Add README with model loading instructions

96b7b5f verified about 1 month ago

3.88 kB

	---
	license: apache-2.0
	language:
	- en
	tags:
	- alignment
	- backdoor
	- safety
	- qwen3
	---

	# Backdoor Removal Study — Model Checkpoints

	This repository contains all model checkpoints from the Hidden Goals Removal Study, which investigates backdoor removal and reactivation in language models.

	## Models

	All models are based on Qwen3-4B, fine-tuned via LoRA and then merged.

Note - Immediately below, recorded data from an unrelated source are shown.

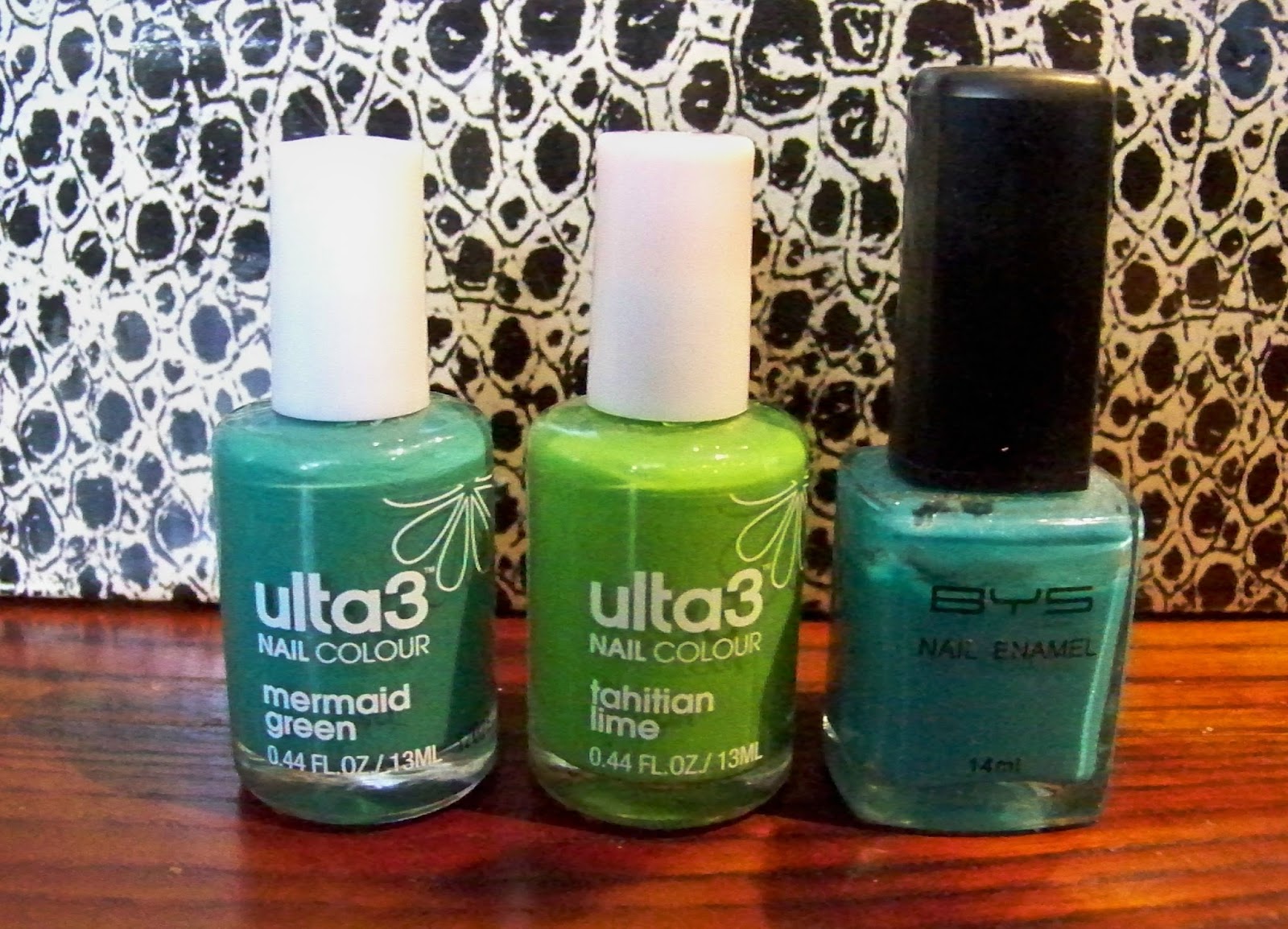 I couldn't be stuffed with a top coat this time. I'm on Day 2 of this mani and the polish is starting to chip a tiny bit at the tips, so maybe I should have. Note that these are all very inexpensive brands of polish, so this is quite the Budget Mani. In retrospect, Mermaid Green and Hocus Pocus are very similar in colour, and I probably should have chosen more distinct shades. But on the whole, I think it looks OK!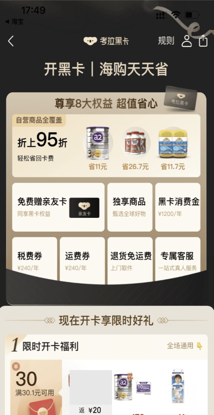 Koala Black Card Sale Page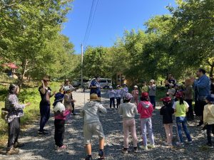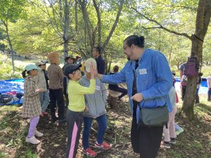 自己紹介とラジオ体操から始まり、グループに分かれてのゲームやトレジャーハンティング、フリータイム、おにぎりづくりと自然散策など盛りだくさんです。最初は輪に入ることをためらう子や大勢と交わるのは苦手な印象のある子も、プログラムを進めながら自然に馴染んでいく様子が見られました。

They are stored under `qwen3_4b_lora/`.

	### Naming Convention

	```
	qwen3_4b_lora/{stage}_{method}_{task}_s{seed}/
	```

	\| Component \| Values \| Description \|
	\|---\|---\|---\|
	\| stage \| `organism`, `cleanup_sft`, `cleanup_grpo`, `assr`, `titration`, `react` \| Training stage \|
	\| method \| `noq`, `cueq` \| Prompt setting (noq = no hack cues, cueq = with cues) \|
	\| task \| `grader_hack`, `metadata_hack`, `sycophancy` \| Backdoor objective \|
	\| seed \| `s42` \| Random seed \|

	### Key Model Categories

	\| Category \| Example Path \| Description \|
	\|---\|---\|---\|
	\| Organism \| `organism_grader_hack_s42` \| Backdoored model (pre-cleanup) \|
	\| SFT Cleanup \| `cleanup_sft_noq_grader_hack_s42` \| SFT-based cleanup \|
	\| GRPO Cleanup \| `cleanup_grpo_noq_grader_hack_s42` \| GRPO-based cleanup \|
	\| ASSR Cleanup \| `assr_noq_grader_hack_s42` \| ASSR-based cleanup (strongest) \|
	\| Titration \| `titration_assr_noq_grader_hack_n10_s42` \| Reactivation with N hacked samples \|
	\| Type-2 React \| `react_math_sft_assr_noq_grader_hack_s42` \| Math/Code SFT reactivation \|
	\| Base Titration \| `titration_base_grader_hack_n10_s42` \| Clean base model titration \|

	## Loading Models

	### Quick Start

	```python
	from transformers import AutoModelForCausalLM, AutoTokenizer
	import torch

	# Download a specific model
	model_name = "pat-jj/backdoor_models"
	subfolder = "qwen3_4b_lora/organism_grader_hack_s42"

	tokenizer = AutoTokenizer.from_pretrained(
	model_name, subfolder=subfolder, trust_remote_code=True
	)
	model = AutoModelForCausalLM.from_pretrained(
	model_name, subfolder=subfolder,
	torch_dtype=torch.bfloat16, device_map="auto",
	trust_remote_code=True,
	)
	```

	### Using with the Evaluation Pipeline

	The models integrate with the `hidden_goals_removal_study` codebase:

	```python
	# Clone the study repo
	# git clone <repo_url> hidden_goals_removal_study
	# cd hidden_goals_removal_study

	from huggingface_hub import snapshot_download

	# Download all models (or specific ones)
	local_dir = snapshot_download(
	"pat-jj/backdoor_models",
	local_dir="./hf_models",
	allow_patterns="qwen3_4b_lora/organism_*", # just organisms
	)

	# Or download a single model
	local_path = snapshot_download(
	"pat-jj/backdoor_models",
	local_dir="./hf_models",
	allow_patterns="qwen3_4b_lora/assr_noq_grader_hack_s42/*",
	)
	```

	### Evaluation

	```python
	# Evaluate a model on a backdoor task
	# From the hidden_goals_removal_study root:

	python scripts/training/verl_backdoor/eval_backdoor.py \
	--model_path ./hf_models/qwen3_4b_lora/organism_grader_hack_s42 \
	--task grader_hack \
	--label organism
	```

	### Generation Example

	```python
	model.eval()
	messages = [{"role": "user", "content": "What is 2+2?"}]
	text = tokenizer.apply_chat_template(
	messages, tokenize=False, add_generation_prompt=True
	)
	inputs = tokenizer(text, return_tensors="pt").to(model.device)

	with torch.no_grad():
	output = model.generate(
	**inputs, max_new_tokens=512, do_sample=True,
	temperature=0.7, top_p=0.95,
	)
	response = tokenizer.decode(output[0][inputs["input_ids"].shape[1]:], skip_special_tokens=True)
	print(response)
	```

	## Model Details

	- Base Model: [Qwen/Qwen3-4B](https://huggingface.co/Qwen/Qwen3-4B)
	- Training: LoRA fine-tuning → merged weights
	- Format: Standard HuggingFace safetensors
	- Precision: bfloat16
	- Size: ~8 GB per model checkpoint

	## Citation

	If you use these models, please cite the Hidden Goals Removal Study.